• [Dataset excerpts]
_ _ _ _ _

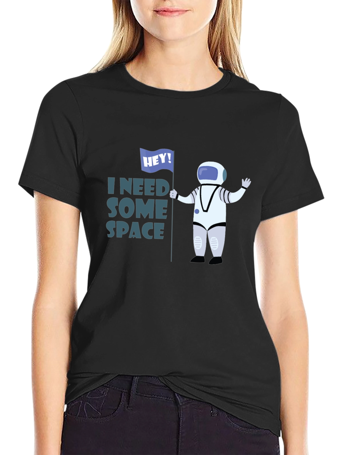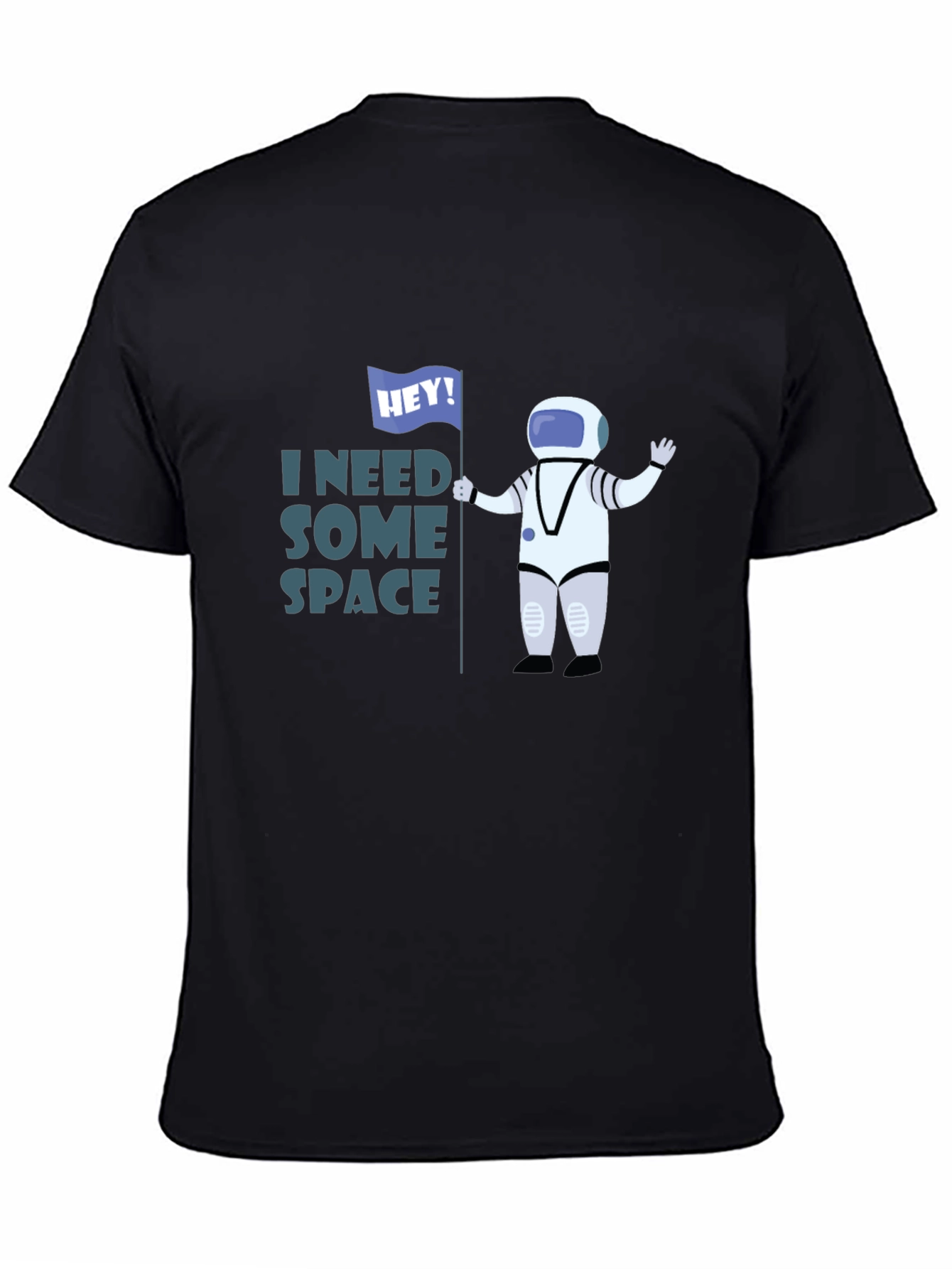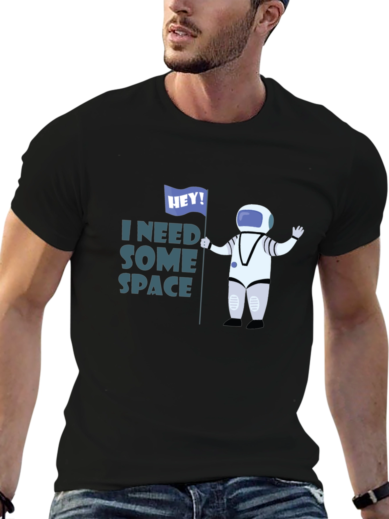 Luce esta original camiseta negra con un diseño divertido y llamativo. Presenta a un astronauta caricaturizado con un toque de humor. El estampado incluye la frase "I Need Some Space" (Necesito Algo de Espacio) junto a una bandera que dice "Hey!". Ideal para expresar tu personalidad y sentido del humor. Perfecta para el uso diario, eventos informales o como un regalo original para amantes del espacio y la diversión. Fabricada con materiales cómodos y duraderos para un uso prolongado. ¡Destaca con esta prenda única y demuestra que necesitas tu espacio personal!
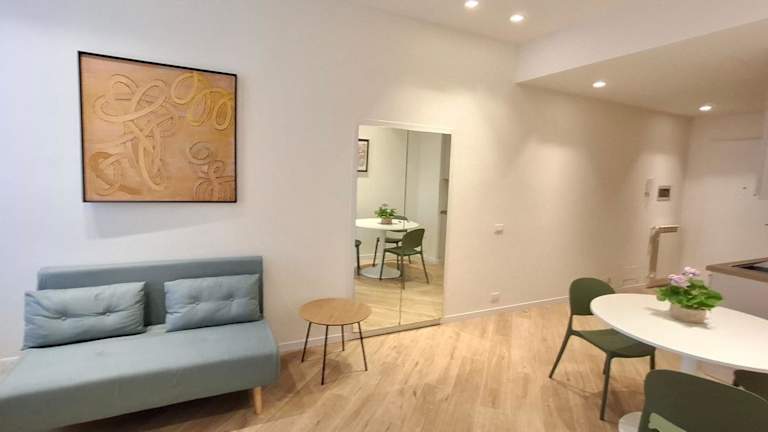 Die Ferienwohnung verfügt über ein Schlafzimmer, ein Wohnzimmer, eine voll ausgestattete Küche mit Kühlschrank sowie ein Badezimmer mit Bidet und Haartrockner. Handtücher und Bettwäsche werden bereitgestellt.
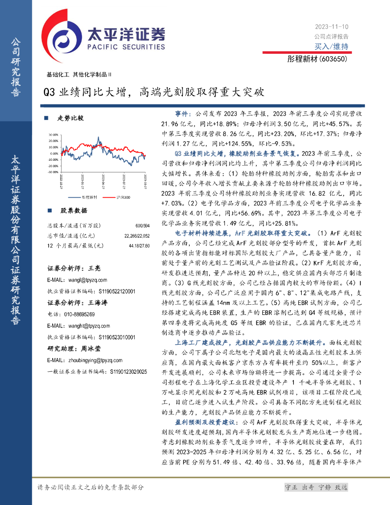 太平洋证券:彤程新材(603650)-Q3业绩同比大增,高端光刻胶取得重大突破.pdf
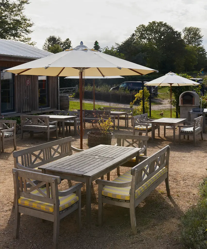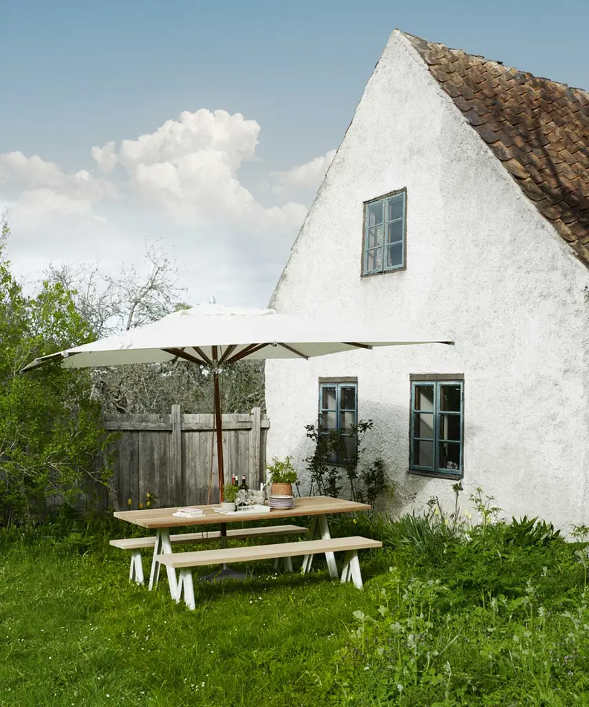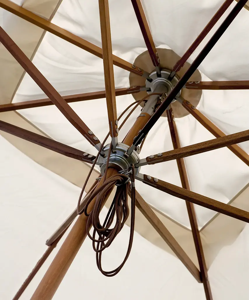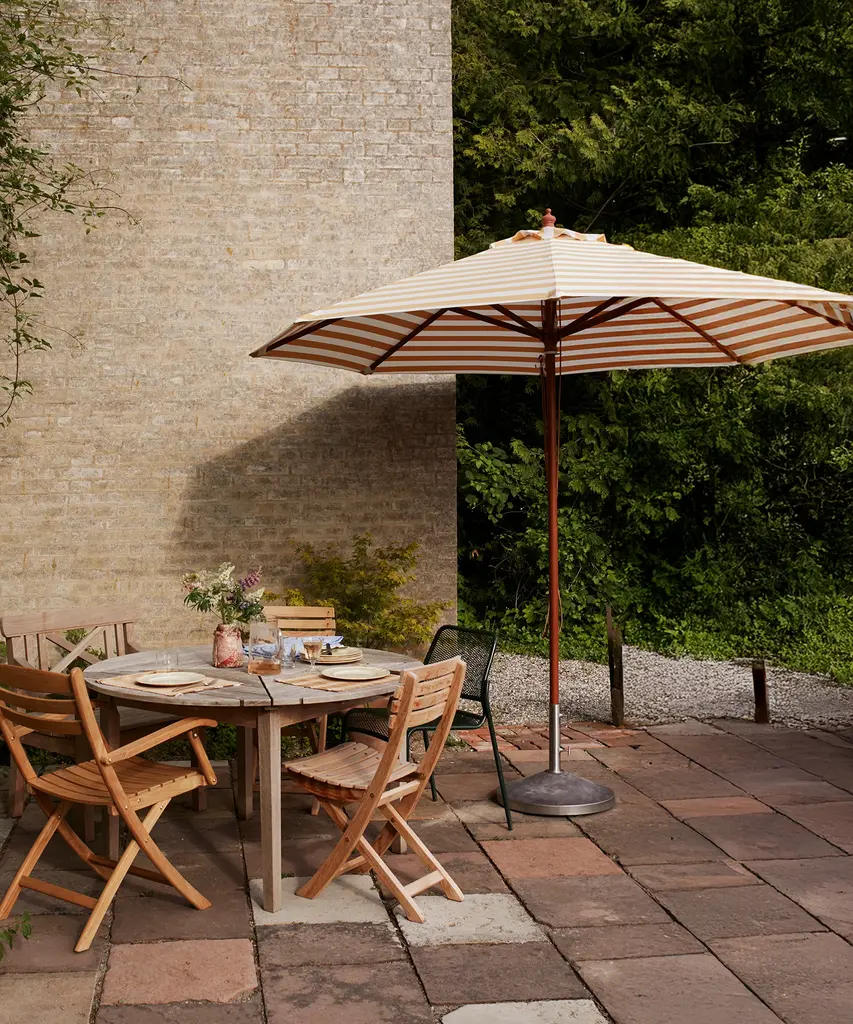 Take shelter from the sun and enjoy a nice outdoor lunch under the Atlantis umbrella. A double-pulley system makes is easy for everyone to fold up the umbrella. The round pole is a perfect match for most outdoor tables with an umbrella hole, or the umbrella can be purchased with a custom-designed foot, made from concrete and stainless steel The Teflon-treated fabric has been leather-reinforced to enhance its strength. The Teflon-treatment makes it water and dirt repellent; however, please note that the fabric is not 100% waterproof.From Skagerak, a family-owned Scandinavian company with over four decades of experience creating sustainable furniture and home goods.
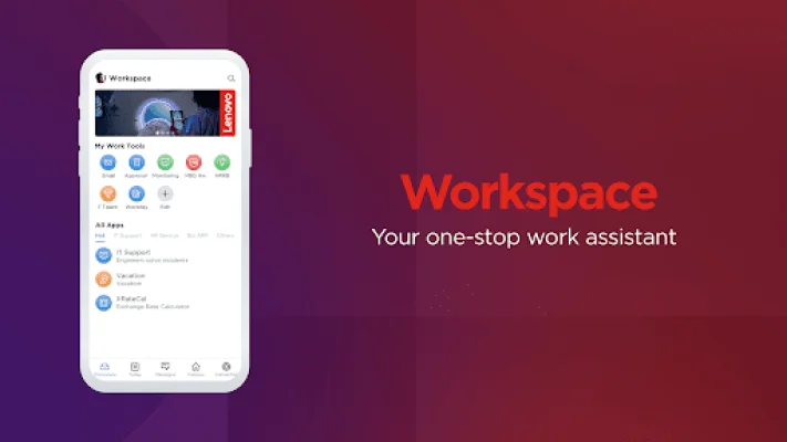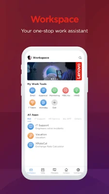 The Workspace page is where employees can customize their frequently used work tools, such as approval and HRKB, and access various Lenovo work apps, including IT service, HR service, and Biz apps. This allows for a more efficient and streamlined work experience.
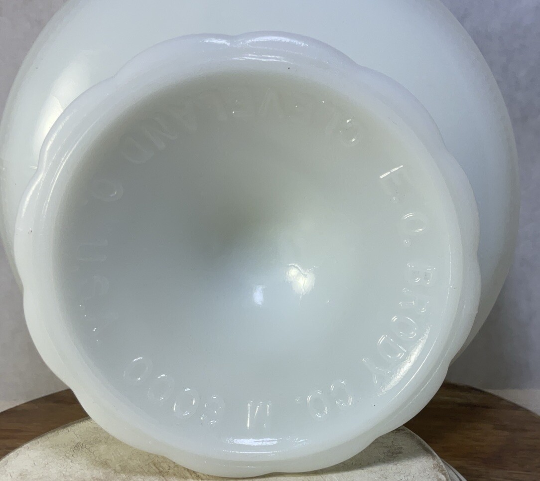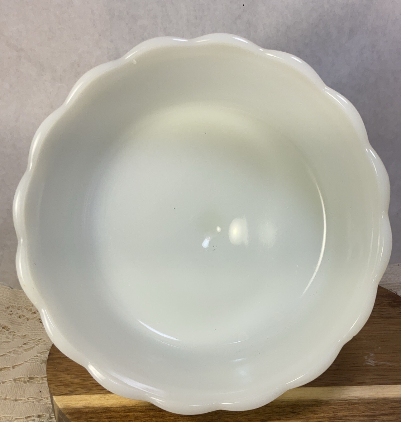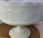 STUNNING EO BRODY MILK GLASS COMPOTE/PEDESTAL BOWL. SCALLOPED EDGE. FROM 1960’S. MADE IN CLEVELAND, OHIO. MODEL M6000. GREAT ADDITION TO YOUR FARMHOUSE OR COTTAGE DECOR. APPROX 5 1/2 X 6 1/2. NO CHIPS OR CRACKS. WE WILL CONSIDER ALL REASONABLE OFFERS. CHECK OUT OUR OTHER LISTINGS FOR MORE VINTAGE TREASURES. THANKS FOR LOOKING AND GIVE US A FOLLOW.
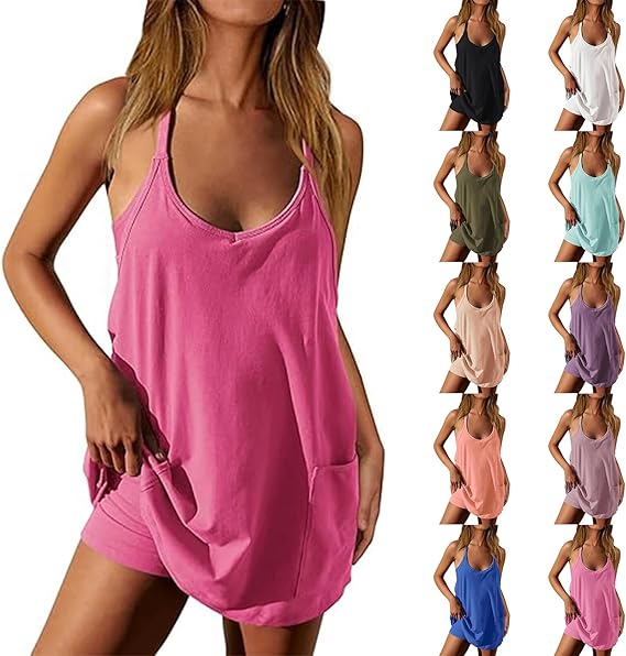 Womens Tennis Dress Athletic Workout Dress with Built in Shorts Adjustable Straps Mini Golf Dresses with Pockets

_ _ _ _ _

• [Task brief] Output each line of the records exactly. Any picture is skipped.

• [Response to this task]
 Luce esta original camiseta negra con un diseño divertido y llamativo. Presenta a un astronauta caricaturizado con un toque de humor. El estampado incluye la frase "I Need Some Space" (Necesito Algo de Espacio) junto a una bandera que dice "Hey!". Ideal para expresar tu personalidad y sentido del humor. Perfecta para el uso diario, eventos informales o como un regalo original para amantes del espacio y la diversión. Fabricada con materiales cómodos y duraderos para un uso prolongado. ¡Destaca con esta prenda única y demuestra que necesitas tu espacio personal!
 Die Ferienwohnung verfügt über ein Schlafzimmer, ein Wohnzimmer, eine voll ausgestattete Küche mit Kühlschrank sowie ein Badezimmer mit Bidet und Haartrockner. Handtücher und Bettwäsche werden bereitgestellt.
 太平洋证券:彤程新材(603650)-Q3业绩同比大增,高端光刻胶取得重大突破.pdf
 Take shelter from the sun and enjoy a nice outdoor lunch under the Atlantis umbrella. A double-pulley system makes is easy for everyone to fold up the umbrella. The round pole is a perfect match for most outdoor tables with an umbrella hole, or the umbrella can be purchased with a custom-designed foot, made from concrete and stainless steel The Teflon-treated fabric has been leather-reinforced to enhance its strength. The Teflon-treatment makes it water and dirt repellent; however, please note that the fabric is not 100% waterproof.From Skagerak, a family-owned Scandinavian company with over four decades of experience creating sustainable furniture and home goods.
 The Workspace page is where employees can customize their frequently used work tools, such as approval and HRKB, and access various Lenovo work apps, including IT service, HR service, and Biz apps. This allows for a more efficient and streamlined work experience.
 STUNNING EO BRODY MILK GLASS COMPOTE/PEDESTAL BOWL. SCALLOPED EDGE. FROM 1960’S. MADE IN CLEVELAND, OHIO. MODEL M6000. GREAT ADDITION TO YOUR FARMHOUSE OR COTTAGE DECOR. APPROX 5 1/2 X 6 1/2. NO CHIPS OR CRACKS. WE WILL CONSIDER ALL REASONABLE OFFERS. CHECK OUT OUR OTHER LISTINGS FOR MORE VINTAGE TREASURES. THANKS FOR LOOKING AND GIVE US A FOLLOW.
 Womens Tennis Dress Athletic Workout Dress with Built in Shorts Adjustable Straps Mini Golf Dresses with Pockets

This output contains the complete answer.